裴护站在抱着孩子的张燕姑姑身边,望着警方将张燕姑父押解至警灯闪烁的车里,法检中心的人提着工具箱不断在地下室内上上下下。

“谢谢你啊小裴。”工作结束之后,小虎将裴护送至村口,耐心的解释了案件的真实情况——

“当时张燕她们村和自己村一起被纳入市里拆迁名额的时候,张家人全都特别开心。因为张燕姑姑多年没有怀孕,有一次张家人喝酒时,张燕姑父恰好提及此为自己的遗憾,却被张家人误认为是看不起自己,于是张燕父亲便将张燕姑父打的头破血流。之后虽然两家人言归于好,但张燕姑父心中还是难免记恨。于是他将眼神落在刚刚发育的张燕身上,经常带张燕一起出去吃饭一起聊天,和父母有隔阂的张燕很快沦陷在姑父的骗局里,写下离家出走的文字,没想到这么多年却被姑父囚禁在地下室里。一直遗憾没有孩子的张燕姑父,在面对张燕的孩子时,却因为不知道该怎么向众人解释这个凭空冒出来的孩子,最终也选择隐藏这个孩子。”

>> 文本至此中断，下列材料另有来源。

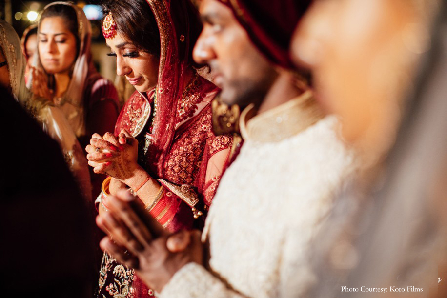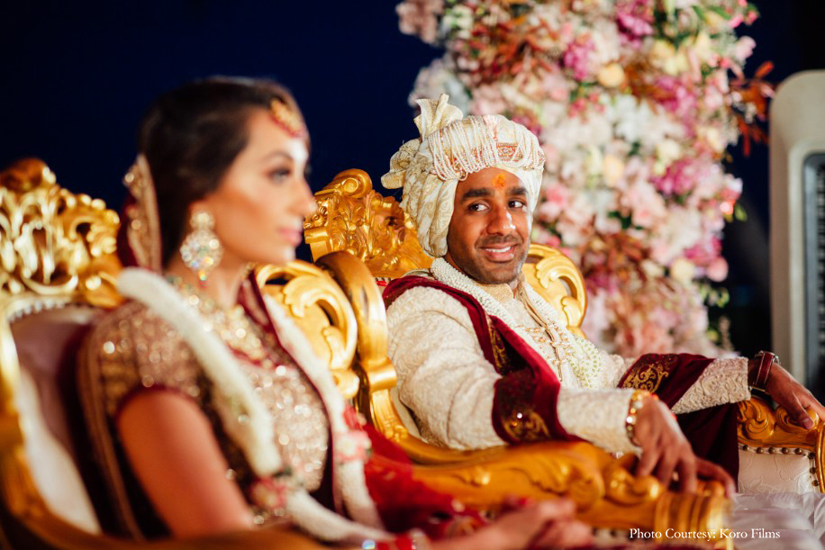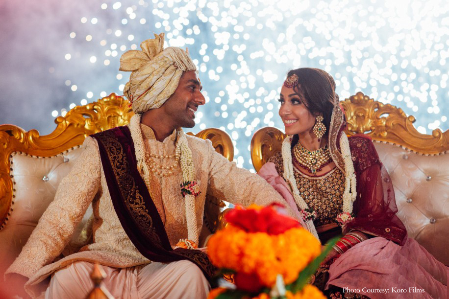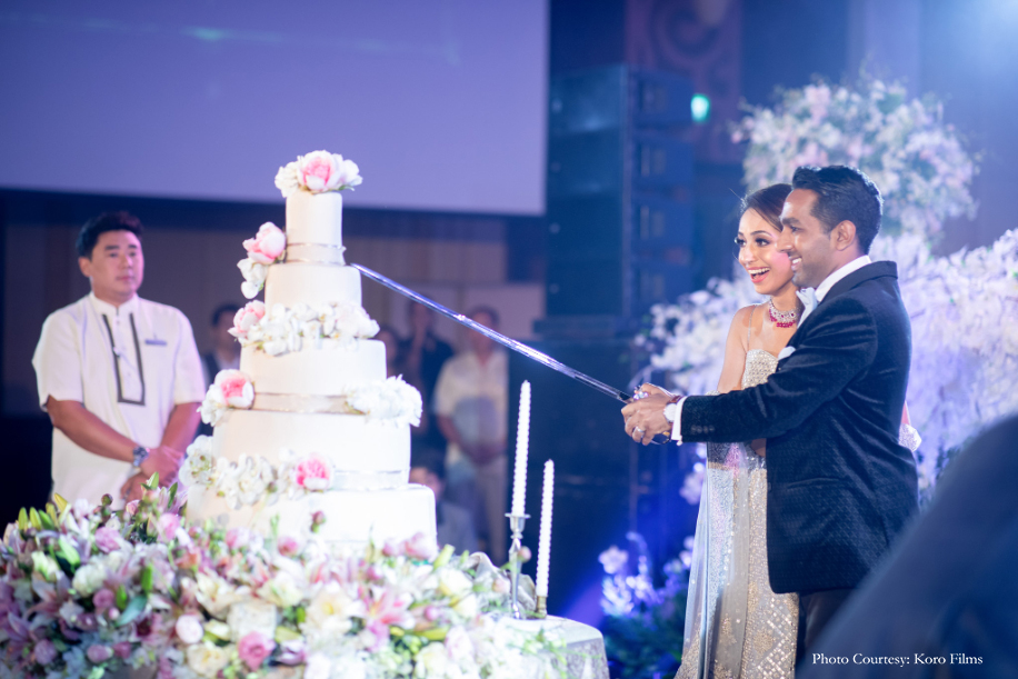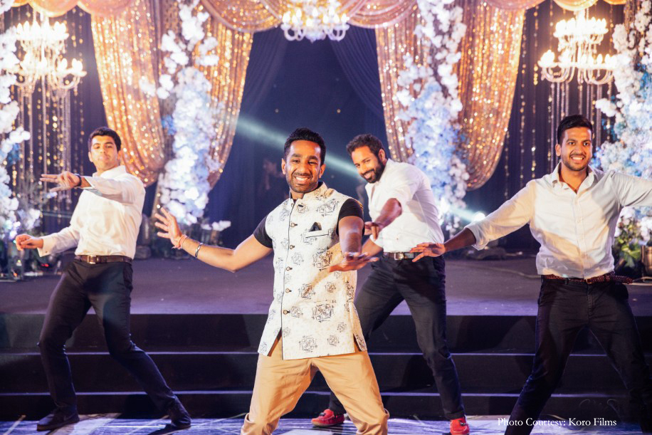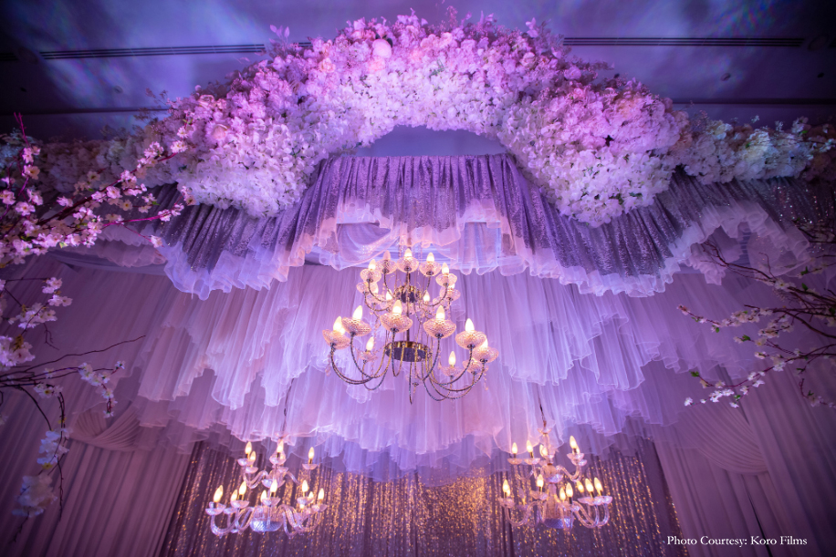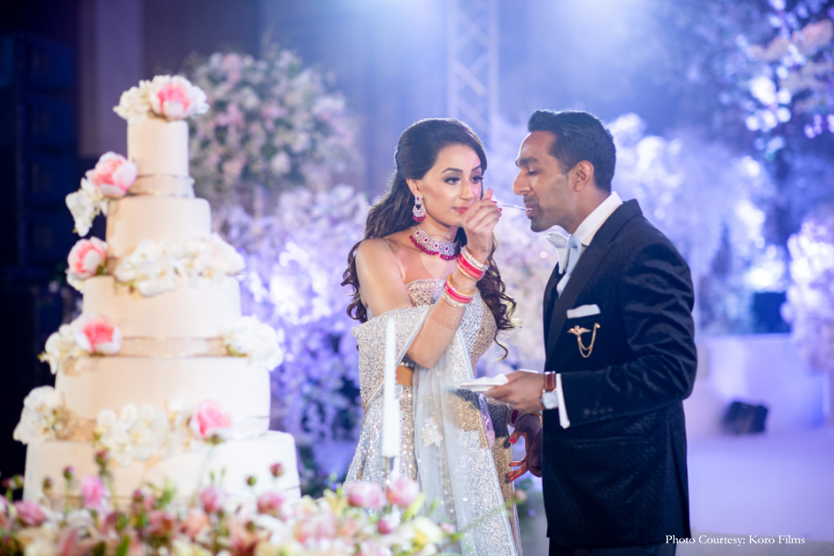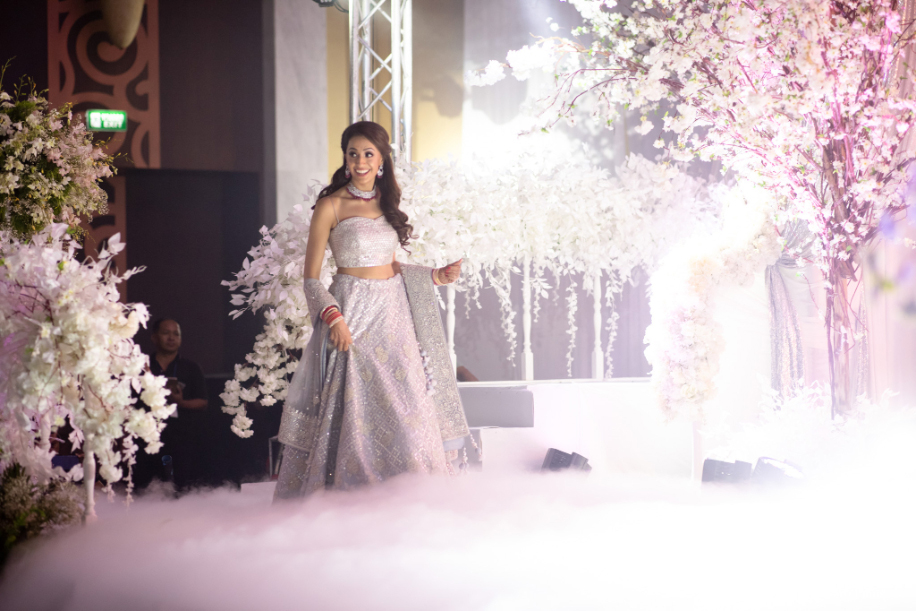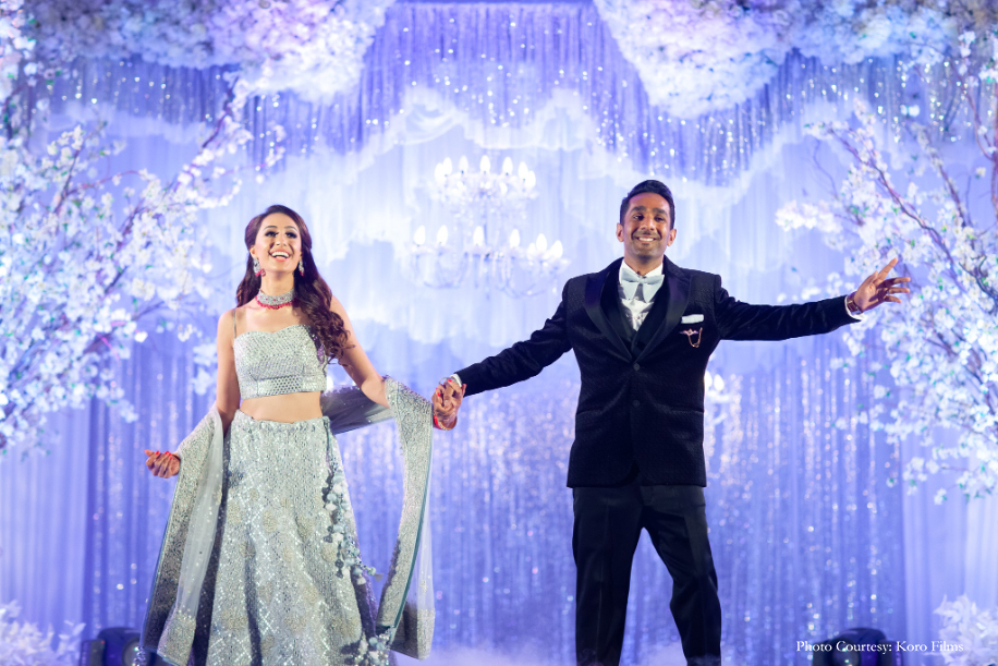 The celebrations concluded with a glitzy reception. The theme for the decor was ‘White Winter Wonderland,’ and the dress code was centered around glitz and glamour. Avi and Prab’s close cousins and friends made grand entrances as the couple came on to the stage secretly which had dry ice that created a camouflage while the guests were expecting them to enter through the main door. There were lots of speeches by friends and parents which were fun and made the couple emotional. Guests also waved glow sticks that were personalized with the wedding hashtag.”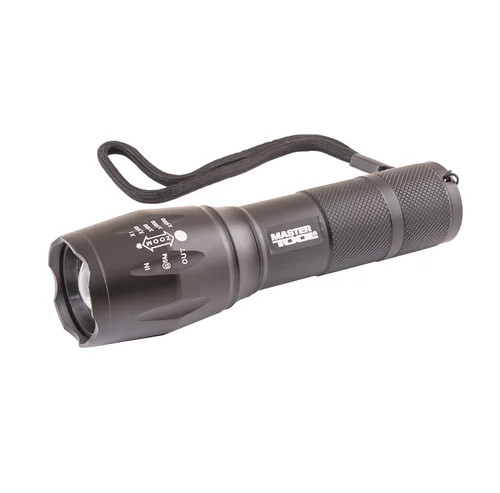 Яркий светодиод мощностью 10W, технология CREE XM-L T6 LED; 5 режимов работы яркости света: 100%, 50%, 30%, "стробоскоп", "SOS"; имеет регулировку фокуса; корпус изготовлен из анодированного алюминия; тип питания: 3 батарейки AAA или 1 аккумулятор 18650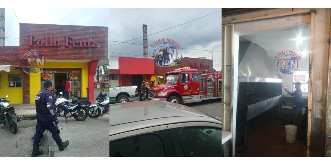 TAPACHULA, CHIAPAS. – Elementos del cuerpo bomberos y de la policía municipal y estatal, atendieron un conato de incendio en el interior de un establecimiento de pollos asados, ubicado en la 17a calle oriente y 13a avenida norte.
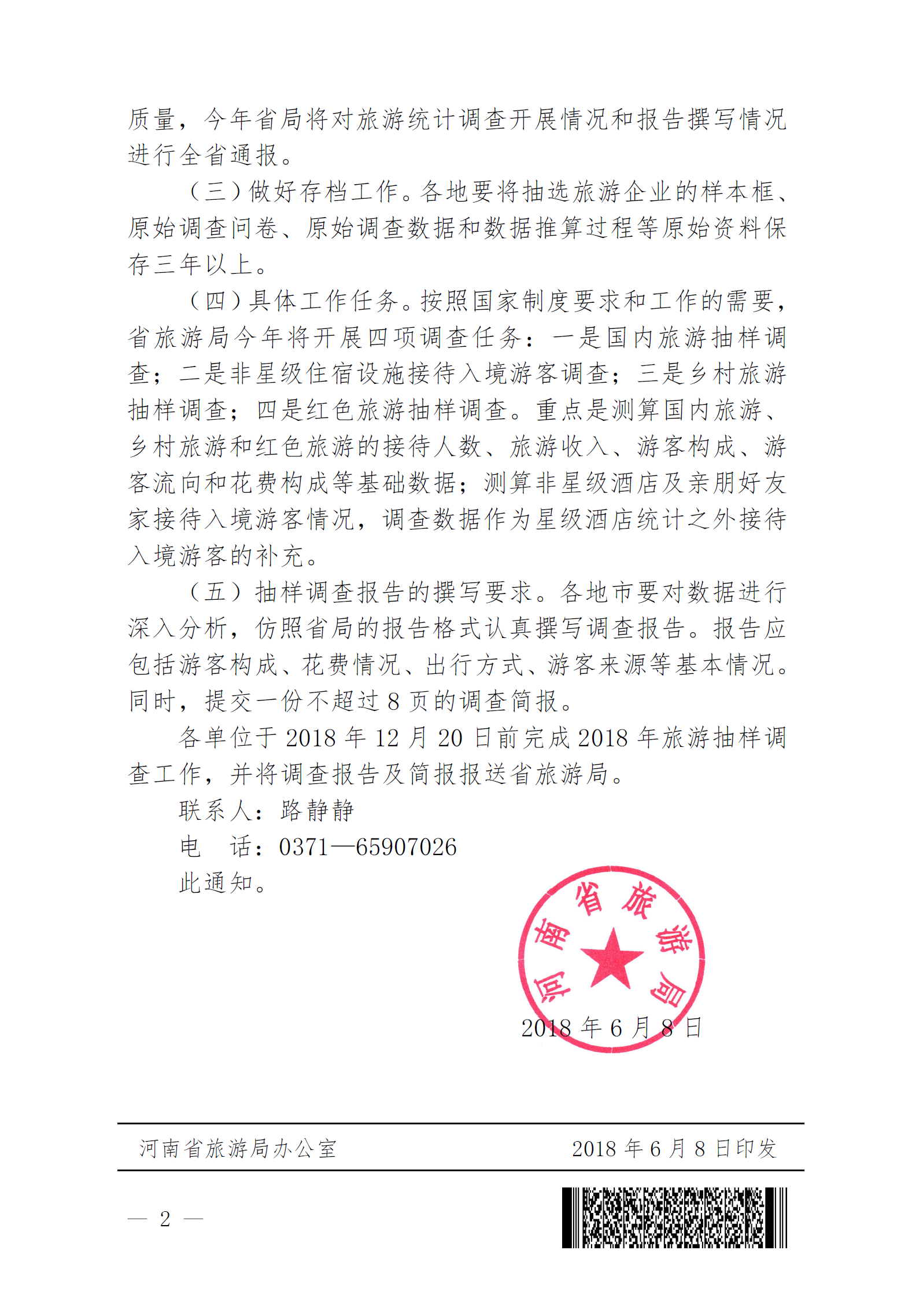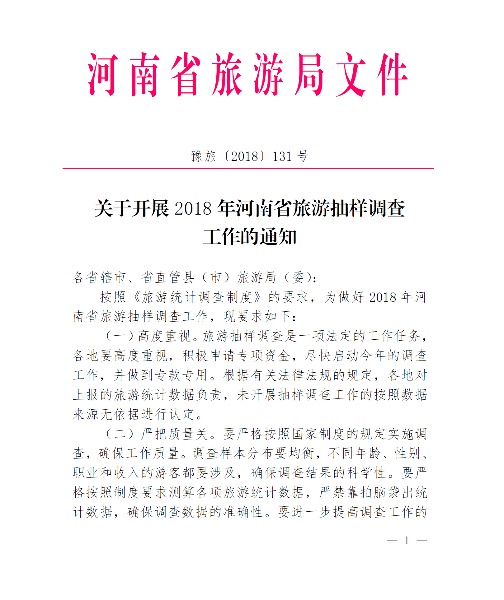 關(guān)于開展2018年河南省旅游抽樣調(diào)查工作的通知

“这么多年,不知道每年过年的时候,张燕能不能听到外面的鞭炮声。”

“正如你看到的,张燕姑父对于家里的装修并不了解,之前口角和村里的装修师傅闹了冲突,对方偷摸将家里的通水渠坡度做了手脚,导致每次极端天气的时候,沿街雨水倒灌进屋里,率先流入地下室。很多时候,张燕只能仰起头勉强支撑自己的脸不被沉在污水里,站直身体将孩子托起来。墙上那些划痕,都是孩子的脚曾在墙上的痕迹。直到,前段时间拆迁款已经到账,张燕的姑父便不再给张燕食物。前晚他看到监控里张燕没了动静,便将两人用毯子裹了,丢在拆迁现场,想着淹没在拆迁废墟里,就可以逃出生天。”

“人都是要为自己的认知买单的。”晚间温热的风吹在裴护面无表情的脸上,看不出一丝抓到凶手的开心:“到底是不是张燕父亲得罪张燕姑父导致张燕被虐待致死,至少可以肯定的是,张燕姑父自己的小心眼导致装修师傅记恨,最终雨水倒灌进地下室,张燕和孩子长期溺水,才会被我们发现身体上的细节继而找到张燕姑父。中间少了任何一环,都抓不住他。”

说到这里,裴护冷笑一声仰望天空叹了口气:“一切都是他咎由自取。”

“但还好,对于孩子来说,一切都来得及。”

等到两人分手,裴护本能站直身体准备朝地铁站走——

正看到许稚穿着黑色衬衣背着包站在马路对面歪着脑袋看自己。

脑袋上黑色短发,在夏风里一晃一晃。

风中温热的水果味道,和路边暑假玩闹的孩提嬉闹声,人们下班不急不慢吃路边摊的点餐声,成为彼此最好的背景音。

辛苦的一天,终于结束了。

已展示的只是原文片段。